Berbagai latihan sangat diperlukan pada pasien sebelum operasi, hal ini
sangat penting sebagai persiapan pasien dalam menghadapi kondisi pasca operasi,
seperti : nyeri daerah operasi, batuk dan banyak lendir pada tenggorokan.

Latihan yang diberikan pada pasien sebelum operasi antara lain :

1. Latihan Nafas Dalam

Latihan nafas dalam sangat bermanfaat bagi pasien untuk mengurangi


nyeri setelah operasi dan dapat membantu pasien relaksasi sehingga pasien lebih
mampu beradaptasi dengan nyeri dan dapat meningkatkan kualitas tidur. Selain itu
teknik ini juga dapat meningkatkan ventilasi paru dan oksigenasi darah setelah
anastesi umum. Dengan melakukan latihan tarik nafas dalam secara efektif dan
benar maka pasien dapat segera mempraktekkan hal ini segera setelah operasi
sesuai dengan kondisi dan kebutuhan pasien.

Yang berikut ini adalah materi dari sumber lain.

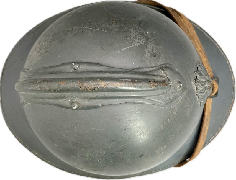 CASQUE FRANÇAIS ADRIAN INFANTERIE PREMIER TYPE Casque adrian d'infanterie du premier type, peinture bleu horizon brillante du début, insigne à la grenade.
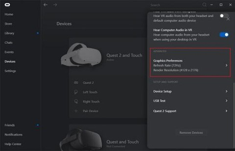 要查看所有选项,请将Quest 2连接到PC,然后转到Oculus PC软件。进入左侧的“设备”菜单,然后选择“任务2和触摸”。在右侧弹出的面板中,向下滚动找到“图形首选项”,您可以在其中更改Oculus Link的刷新率和渲染分辨率(原始Quest用户无法更改帧速率,但可以调整渲染分辨率)。
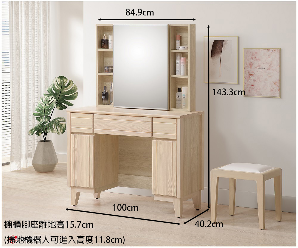 尺寸規格:寬 100 公分 X 深 40.2 公分 X 高 143.3 公分
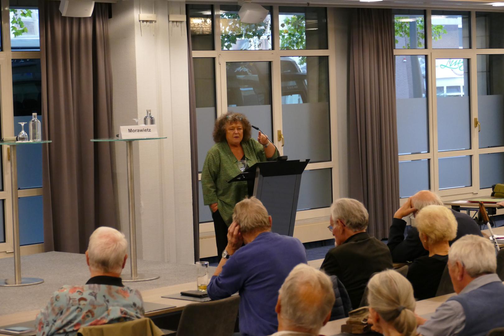 Er übergab an Görner für ihren Vortrag über die Probleme älterer Menschen mit Filialschließungen und der Digitalisierung hielt. Sie sei ein „ausgesprochener Anhänger der Digitalisierung“, wobei sich diese jedoch mehr an den Nutzern orientieren solle. Fehlende Nutzerorientierung führe dazu, dass vor allem ältere Menschen bei der Digitalisierung zurückblieben und das, obwohl sie eigentlich, aufgrund der geringen Ortsgebundenheit der neuen Angebote und der abnehmenden Mobilität im Alter, besonders von ihr profitieren könnten. Automatisierung und Filialschließungen bei Banken würden zudem zum Fehlen von Ansprechpartnern führen und erschwerend käme hinzu, dass Veränderungen und Unterschiede der Benutzeroberflächen von Programmen das (selbstständige) Erlernen enorm verkomplizieren würden. Dies sei der Fall, weil Großunternehmen und Sparkassen in einer Art „Monopolsituation“ stünden, welche die Wahlmöglichkeiten der Kunden einschränke und somit die Orientierung am Privatkundengeschäft an Bedeutung verliere. Der freie Markt könne das Problem nicht lösen. Deshalb seien regulatorische und standardisierende Schritte seitens der Politik notwendig. Dennoch könnten Firmen wie die Sparkasse auch durch gesellschaftlichen Diskurs zu alternativen Schritten, wie dem Angebot mobiler Filialen, gedrängt werden.
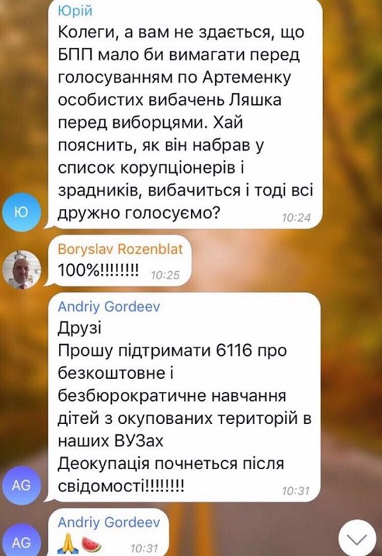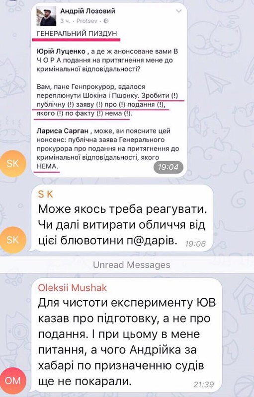 Народний депутат від “Радикальної партії Олега Ляшка” Андрій Лозовий оприлюднив у Фейсбуку чат фракції “Блок Петра Порошенка”. Переписка нардепів рясніє нецензурною лайкою і критикою діяльності “радикалів”. “Вони, наївні, думають, що ніхто це не читає, крім них”, – коментує Лозовий і пояснює, хто є хто у чаті.
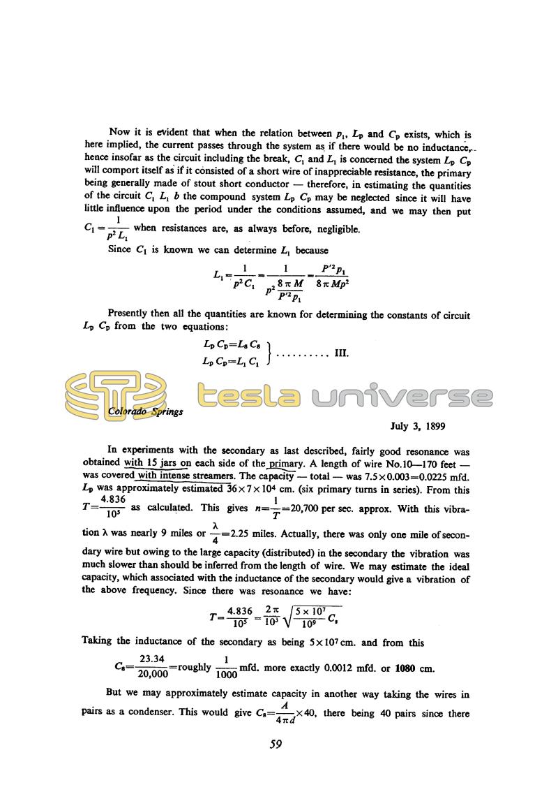 In experiments with the secondary as last described, fairly good resonance was obtained with 15 jars on each side of the primary. A length of wire No. 10 - 170 feet - was covered with intense streamers. The capacity - total - was 7.5x0.003=0.0225 mfd. Lp was approximately estimated 36x7x104 cm. (six primary turns in series). From this T = !$ {4.836 \over 10^{5}} !$ as calculated. This gives n = !$ {1 \over T} !$ = 20,7000 per sec. approx. With this vibration λ was nearly 9 miles or !$ {λ \over 4} !$ = 2.25 miles. Actually, there was only one mile of secondary wire but owing to the large capacity (distributed) in the secondary the vibration was much slower than should be inferred from the length of wire. We may estimate the ideal capacity, which associated with the inductance of the secondary would give a vibration of the above frequency. Since there was resonance we have:
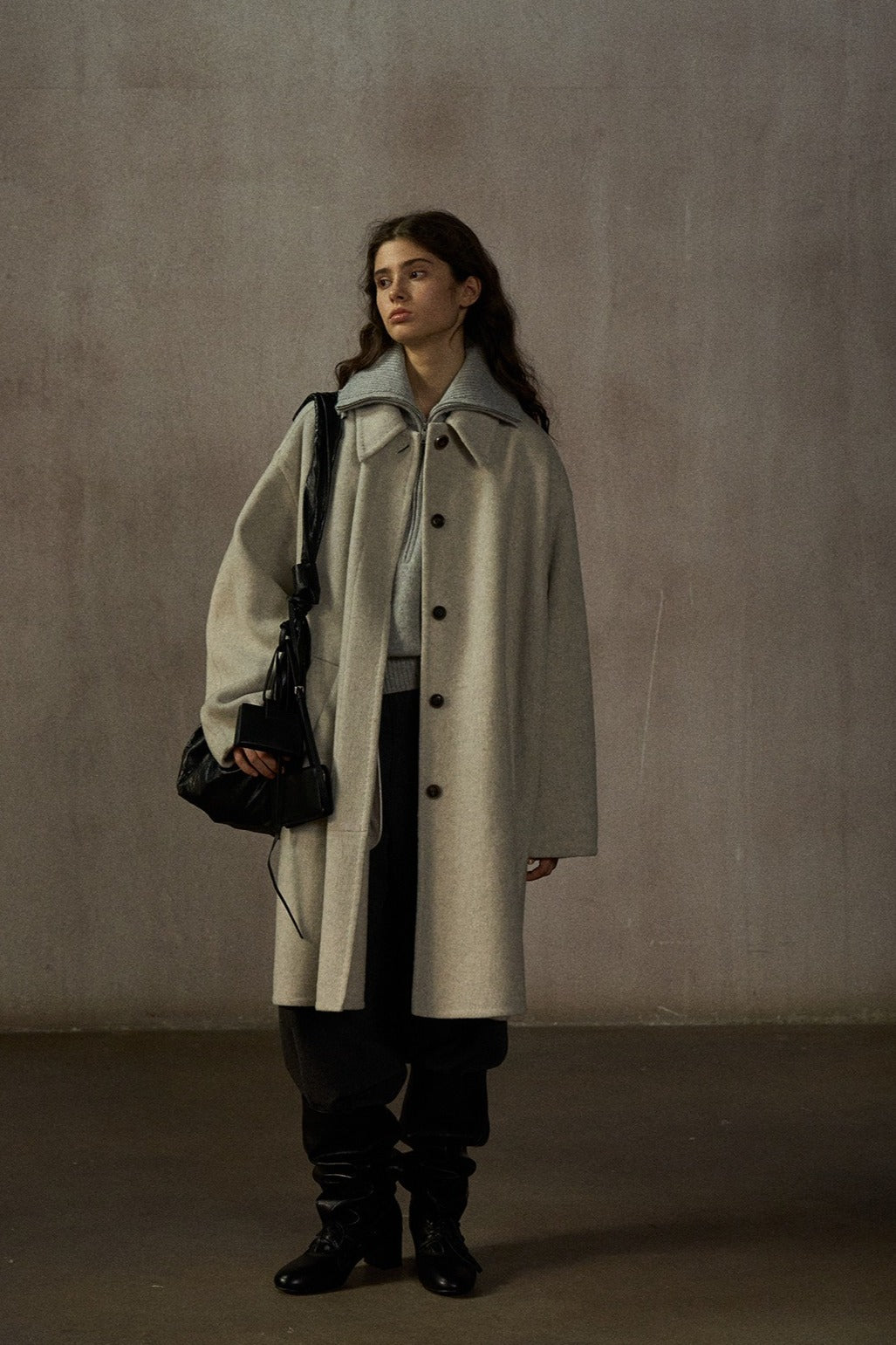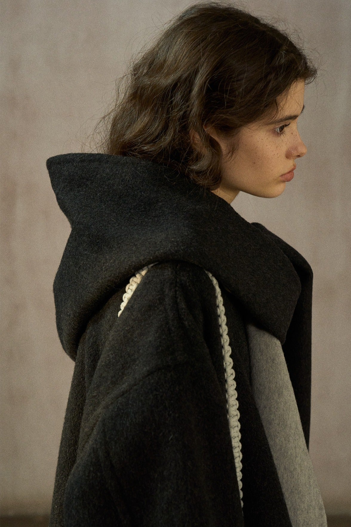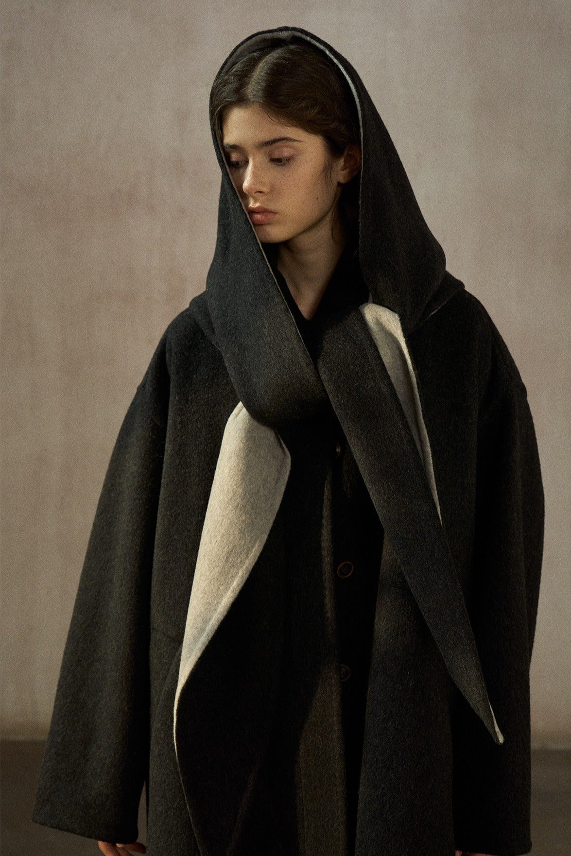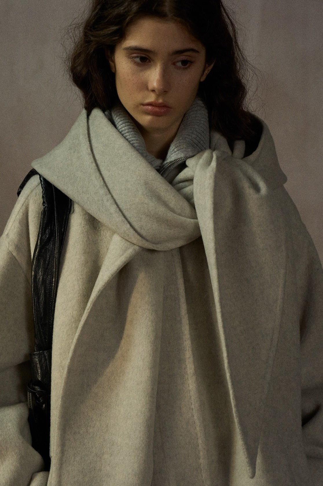 Manteau mi-long ample 100 % laine avec capuche foulard | 2 couleurs
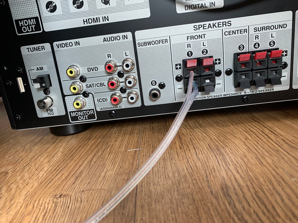 2-1-2 대부분의 스피커 연결 방법은 동일하며, 스피커 뒷면에 있는 나사 같은 것을 돌려서 분리하고, 피복한 스피커 케이블의 심을 손으로 잘 돌려서 삽입 시 케이블 심들이 벌어지지 않도록 돌려서 잘 말아주세요!

Latihan nafas dalam dapat dilakukan
dengan cara sebagai berikut :
1) Pasien tidur dengan posisi duduk atau setengah duduk (semifowler) dengan lutut
ditekuk dan perut tidak boleh tegang.
2) Letakkan tangan diatas perut
3) Hirup udara sebanyak-banyaknya dengan menggunakan hidung dalam kondisi
mulut tertutup rapat.
4) Tahan nafas beberapa saat (3-5 detik) kemudian secara perlahan-lahan, udara
dikeluarkan sedikit demi sedikit melalui mulut.
5) Lakukan hal ini berulang kali (15 kali)
6) Lakukan latihan dua kali sehari praopeartif.
7) Latihan Batuk Efektif

Latihan batuk efektif juga sangat diperlukan bagi klien terutama klien
yang mengalami operasi dengan anstesi general. Karena pasien akan mengalami
pemasangan alat bantu nafas selama dalam kondisi teranstesi. Sehingga ketika
sadar pasien akan mengalami rasa tidak nyaman pada tenggorokan. Dengan terasa
banyak lendir kental di tenggorokan. Latihan batuk efektif sangat bermanfaat bagi
pasien setalah operasi untuk mengeluarkan lendir atau sekret tersebut. Pasien
dapat dilatih melakukan teknik batuk efektif dengan cara :

1) Pasien condong ke depan dari posisi semifowler, jalinkan jari-jari tangan dan
letakkan melintang diatas incisi sebagai bebat ketika batuk.
2) Kemudian pasien nafas dalam seperti cara nafas dalam (3-5 kali)
3) Segera lakukan batuk spontan, pastikan rongga pernafasan terbuka dan tidak
hanya batuk dengan mengadalkan kekuatan tenggorokan saja karena bisa terjadi
luka pada tenggorokan. Hal ini bisa menimbulkan ketidaknyamanan, namun tidak
berbahaya terhadap incisi.
4) Ulangi lagi sesuai kebutuhan.
5) Jika selama batuk daerah operasi terasa nyeri, pasien bisa menambahkan dengan
menggunakan bantal kecil atau gulungan handuk yang lembut untuk menahan
daerah operasi dengan hati-hati sehingga dapat mengurangi guncangan tubuh saat
batuk.

2. Latihan Gerak Sendi

Latihan gerak sendi merupakan hal sangat penting bagi pasien sehingga
setelah operasi, pasien dapat segera melakukan berbagai pergerakan yang
diperlukan untuk mempercepat proses penyembuhan.
Pasien/keluarga pasien seringkali mempunyai pandangan yang keliru tentang
pergerakan pasien setalah operasi. Banyak pasien yang tidak berani
menggerakkan tubuh karena takut jahitan operasi sobek atau takut luka operasinya
lama sembuh. Pandangan seperti ini jelas keliru karena justru jika pasien selesai
operasi dan segera bergerak maka pasien akan lebih cepat merangsang usus
(peristaltik usus) sehingga pasien akan lebih cepat kentut/flatus. Keuntungan lain
adalah menghindarkan penumpukan lendir pada saluran pernafasan dan terhindar
dari kontraktur sendi dan terjadinya dekubitus. Tujuan lainnya adalah
memperlancar sirkulasi untuk mencegah stasis vena dan menunjang fungsi
pernafasan optimal. Intervensi ditujukan pada perubahan posisi tubuh dan juga
Range of Motion (ROM). Latihan perpindahan posisi dan ROM ini pada awalnya
dilakukan secara pasif namun kemudian seiring dengan bertambahnya kekuatan
tonus otot maka pasien diminta melakukan secara mandiri.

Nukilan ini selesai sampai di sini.